We met on Braxton II, our regional headquarters, then took off on the six-day trip to Dodgson IV. All four of them elected to undergo DeepSleep, so Captain Mbele and I put them in their pods as soon as we hit light speeds, and woke them about two hours before we landed.
They were starving—I know the feeling; DeepSleep slows the metabolism to a crawl, but of course it doesn’t stop it or you’d be dead, and the first thing you want to do when you wake up is eat—so Mbele shagged the Dabihs out of the galley, where they spent most of their time, and had it prepare a meal geared to human tastes. As soon as they finished eating, they began asking questions about Dodgson IV.
“We’ve been in orbit for the past hour, while the ship’s computer has been compiling a detailed topographical map of the planet,” I explained. “We’ll land as soon as I find the best location for the base camp.”
“So what’s this world like?” asked Desmond, who had obviously failed to read all the data we’d sent to him.
“I’ve never set foot on it,” I replied. “No one has.” I smiled. “That’s why you’re paying so much.”
“How do we know there’s any game to be fou
nd there, then?” asked Marx pugnaciously.
“There’s game, all right,” I assured him. “The Pioneer who charted it claims her sensors pinpointed four species of carnivore and lots of herbivores, including one that goes about four tons.”
“But she never landed?” he persisted.
“She had no reason to,” I said. “There was no sign of sentient life, and there are millions of worlds out there still to be charted.”

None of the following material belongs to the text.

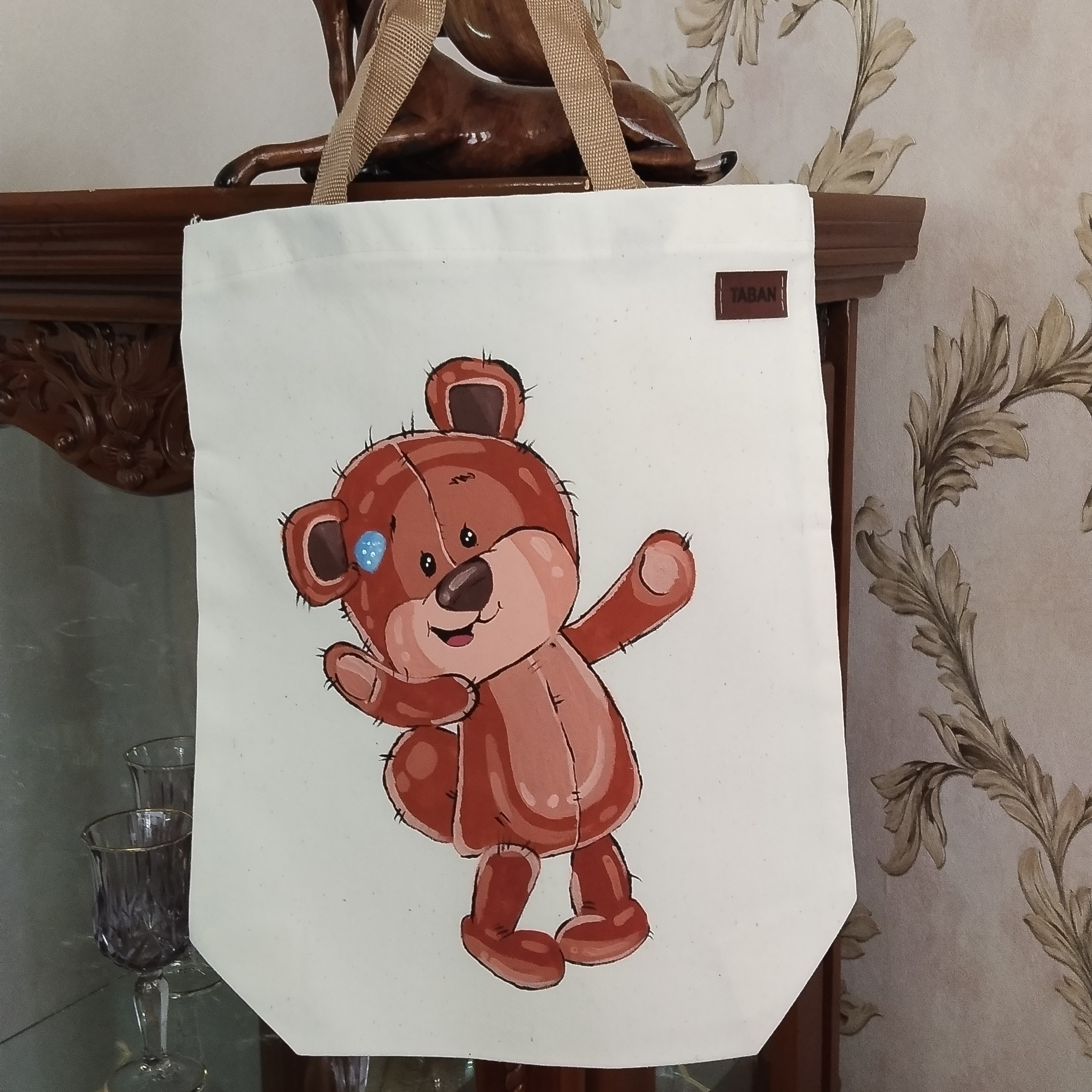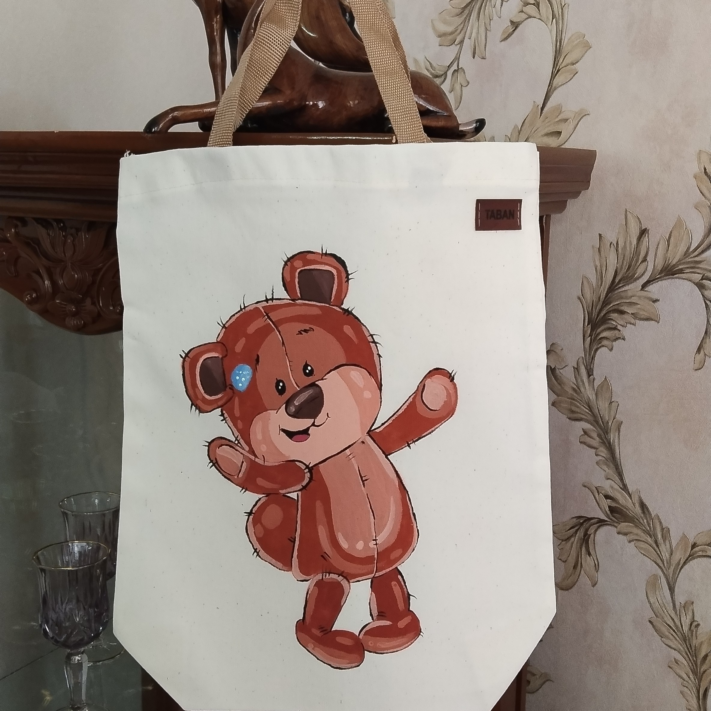 کیف پارچه ای متقال ضخیم نقاشی شده طرح خرسی مبلمونسرا مدل 299474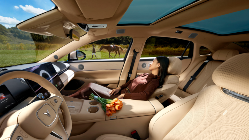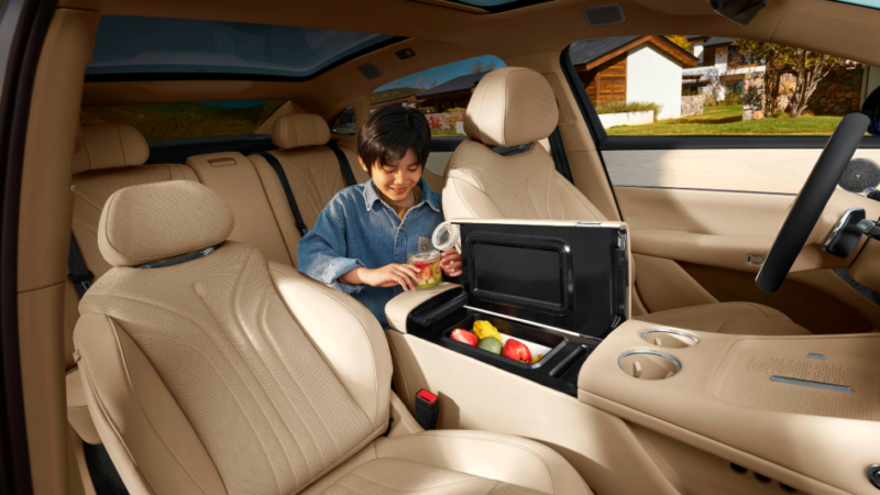 The cockpit also includes a 10.25-inch LCD instrument cluster, a 39-inch AR-HUD, and a 50W wireless charging pad for mobile phones. An 6.6L refrigerator is embedded under the center console with a temperature range of -6℃ to 50℃.

“She’d damned well better have been right about the animals,” grumbled Marx. “I’m not paying this much to look at a bunch of trees and flowers.”
“I’ve hunted three other oxygen worlds that Karen Dodgson charted,” I said, “and they’ve always delivered what she promised.”
“Do people actually hunt on chlorine and ammonia worlds?” asked Pollard.
“A few. It’s a highly specialized endeavor. If you want to know more about it after the safari is over, I’ll put you in touch with the right person back at headquarters.”
“I’ve hunted a couple of chlorine worlds,” interjected Marx.
Sure you have, I thought.
“Great sport,” he added.
When you have to live with your client for a few weeks or months, you don’t call him a braggart and a liar to his face, but you do file the information away for future reference.
“This Karen Dodgson—she’s the one the planet’s named for?” asked Ramona Desmond.
“It’s a prerogative of the Pioneer Corps,” I answered. “The one who charts a world gets to name it anything he or she wants.” I paused and smiled. “They’re not known for their modesty. Usually they name it after themselves.”
“Dodgson,” she said again. “Perhaps we’ll find a Jabberwock, or a Cheshire Cat, or even a Snark.”
“I beg your pardon?” I said.
“That’s was Lewis Carroll’s real name: Charles Dodgson.”
“I’ve never heard of him,” I replied.